* What you have to do: Each line of the material below is to be given again exactly.

===== Dataset =====

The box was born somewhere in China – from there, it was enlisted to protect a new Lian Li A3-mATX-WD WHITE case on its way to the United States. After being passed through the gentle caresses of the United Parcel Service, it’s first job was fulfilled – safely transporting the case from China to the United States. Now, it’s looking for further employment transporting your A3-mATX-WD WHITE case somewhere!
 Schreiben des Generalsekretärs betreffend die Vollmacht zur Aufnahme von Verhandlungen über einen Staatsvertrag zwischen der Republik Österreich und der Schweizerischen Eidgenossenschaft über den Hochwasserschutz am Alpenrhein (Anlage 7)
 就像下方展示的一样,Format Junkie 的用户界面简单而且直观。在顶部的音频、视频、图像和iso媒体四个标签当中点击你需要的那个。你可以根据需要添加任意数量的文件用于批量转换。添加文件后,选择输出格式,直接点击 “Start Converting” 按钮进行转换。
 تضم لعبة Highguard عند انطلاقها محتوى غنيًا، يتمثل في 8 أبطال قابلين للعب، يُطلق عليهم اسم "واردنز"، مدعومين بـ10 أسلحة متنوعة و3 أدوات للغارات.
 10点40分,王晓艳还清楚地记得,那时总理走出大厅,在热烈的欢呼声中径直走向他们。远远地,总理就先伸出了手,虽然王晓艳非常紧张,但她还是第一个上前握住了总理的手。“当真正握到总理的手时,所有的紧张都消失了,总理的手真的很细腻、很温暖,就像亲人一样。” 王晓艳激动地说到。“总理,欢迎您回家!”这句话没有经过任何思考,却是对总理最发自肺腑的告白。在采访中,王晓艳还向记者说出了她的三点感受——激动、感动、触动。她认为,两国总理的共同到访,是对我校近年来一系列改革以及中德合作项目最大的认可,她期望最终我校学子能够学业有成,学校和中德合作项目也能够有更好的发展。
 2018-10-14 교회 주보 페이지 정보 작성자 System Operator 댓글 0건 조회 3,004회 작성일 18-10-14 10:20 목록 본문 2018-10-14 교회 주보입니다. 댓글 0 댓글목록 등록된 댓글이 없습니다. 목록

=====

* Solution to the exercise:
The box was born somewhere in China – from there, it was enlisted to protect a new Lian Li A3-mATX-WD WHITE case on its way to the United States. After being passed through the gentle caresses of the United Parcel Service, it’s first job was fulfilled – safely transporting the case from China to the United States. Now, it’s looking for further employment transporting your A3-mATX-WD WHITE case somewhere!
 Schreiben des Generalsekretärs betreffend die Vollmacht zur Aufnahme von Verhandlungen über einen Staatsvertrag zwischen der Republik Österreich und der Schweizerischen Eidgenossenschaft über den Hochwasserschutz am Alpenrhein (Anlage 7)
 就像下方展示的一样,Format Junkie 的用户界面简单而且直观。在顶部的音频、视频、图像和iso媒体四个标签当中点击你需要的那个。你可以根据需要添加任意数量的文件用于批量转换。添加文件后,选择输出格式,直接点击 “Start Converting” 按钮进行转换。
 تضم لعبة Highguard عند انطلاقها محتوى غنيًا، يتمثل في 8 أبطال قابلين للعب، يُطلق عليهم اسم "واردنز"، مدعومين بـ10 أسلحة متنوعة و3 أدوات للغارات.
 10点40分,王晓艳还清楚地记得,那时总理走出大厅,在热烈的欢呼声中径直走向他们。远远地,总理就先伸出了手,虽然王晓艳非常紧张,但她还是第一个上前握住了总理的手。“当真正握到总理的手时,所有的紧张都消失了,总理的手真的很细腻、很温暖,就像亲人一样。” 王晓艳激动地说到。“总理,欢迎您回家!”这句话没有经过任何思考,却是对总理最发自肺腑的告白。在采访中,王晓艳还向记者说出了她的三点感受——激动、感动、触动。她认为,两国总理的共同到访,是对我校近年来一系列改革以及中德合作项目最大的认可,她期望最终我校学子能够学业有成,学校和中德合作项目也能够有更好的发展。
 2018-10-14 교회 주보 페이지 정보 작성자 System Operator 댓글 0건 조회 3,004회 작성일 18-10-14 10:20 목록 본문 2018-10-14 교회 주보입니다. 댓글 0 댓글목록 등록된 댓글이 없습니다. 목록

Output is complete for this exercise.